→ Data to use:
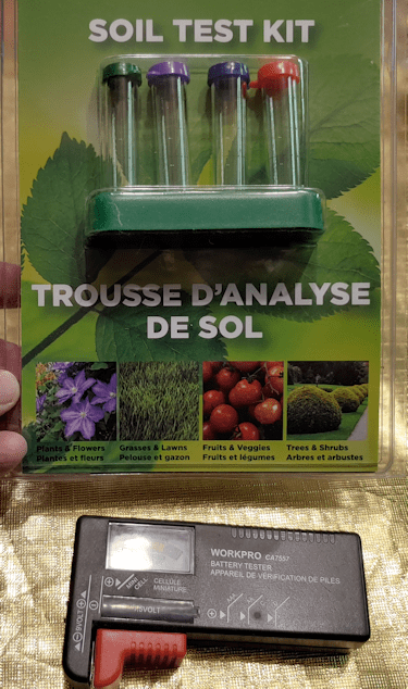 One of them was this soil test kit. We had looked for one last year, and they were completely out of stock all summer. I couldn’t find them anywhere! This has enough to do 40 tests, so we will be able to use it on different areas as we decide on where to plant. It tests the pH, which I already have a meter for that just needs to be stuck into the soil, but it also tests for nitrogen, phosphorus and potassium. That will be useful information.
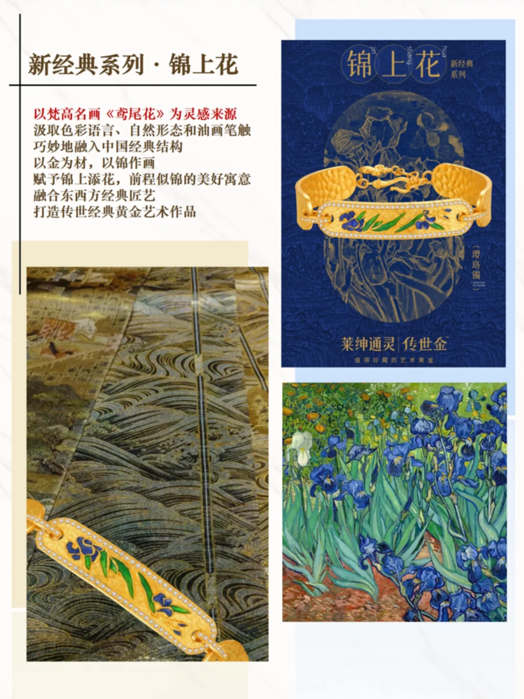 9月7日,秦岚出席Leysen莱绅通灵品牌苏州见面会真的不要太美了!这次,Leysen莱绅通灵品牌主要推出了新经典系列:锦上花。以梵高名画《鸢尾花》为灵感来源,汲取色彩语言、自然形态和油画笔触,巧妙地融入中国经典。以金为材,以锦作画,赋予锦上添花,前程似锦的美好寓意。融合东西方经典匠艺,打造传世经典黄金艺术作品。
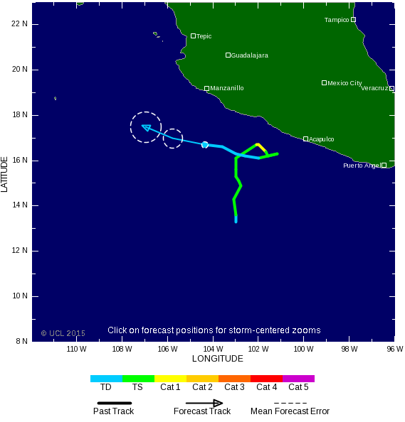 28/09: La tempête tropicale Marty s'est formée au large des côtes occidentale du Mexique et se dirige actuellement plein Nord ce qui va l'amener à se rapprocher fortement du littoral mexicain entre Acapulco et Manzanillo. D'ici 12 h, le système devrait cependant changer de cap pour adopter une trajectoire plein Ouest ce qui le fera s'éloigner du littoral.
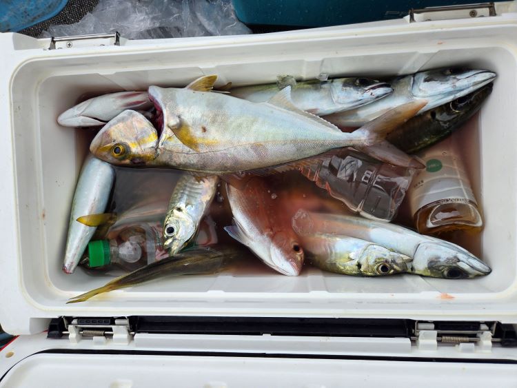 潮汐:若潮、中潮釣 果:17日は、20から35センチのサバが良く釣れました。マダイ、アジ、ネイゴも釣れました。19日は、30センチ前後の良型アジが2時間ほどですが入れ食いでした。1.5キロほどのマダイも釣れました。そ の 他 :
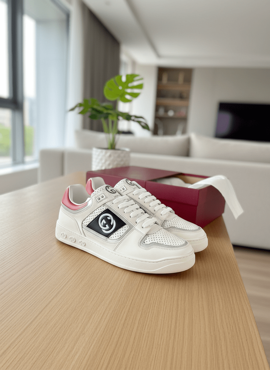 Gucci White Red Leather Sneakers feature premium leather, perforated design for breathability, iconic Double G logo, unisex style, perfect for daily casual wear with a touch of luxury.

→ Task to carry out: Extract only the lines from the one that contains "28/09: La tempête" through the end of the records, inclusive, and omit every picture.

→ Exercise result:
 28/09: La tempête tropicale Marty s'est formée au large des côtes occidentale du Mexique et se dirige actuellement plein Nord ce qui va l'amener à se rapprocher fortement du littoral mexicain entre Acapulco et Manzanillo. D'ici 12 h, le système devrait cependant changer de cap pour adopter une trajectoire plein Ouest ce qui le fera s'éloigner du littoral.
 潮汐:若潮、中潮釣 果:17日は、20から35センチのサバが良く釣れました。マダイ、アジ、ネイゴも釣れました。19日は、30センチ前後の良型アジが2時間ほどですが入れ食いでした。1.5キロほどのマダイも釣れました。そ の 他 :
 Gucci White Red Leather Sneakers feature premium leather, perforated design for breathability, iconic Double G logo, unisex style, perfect for daily casual wear with a touch of luxury.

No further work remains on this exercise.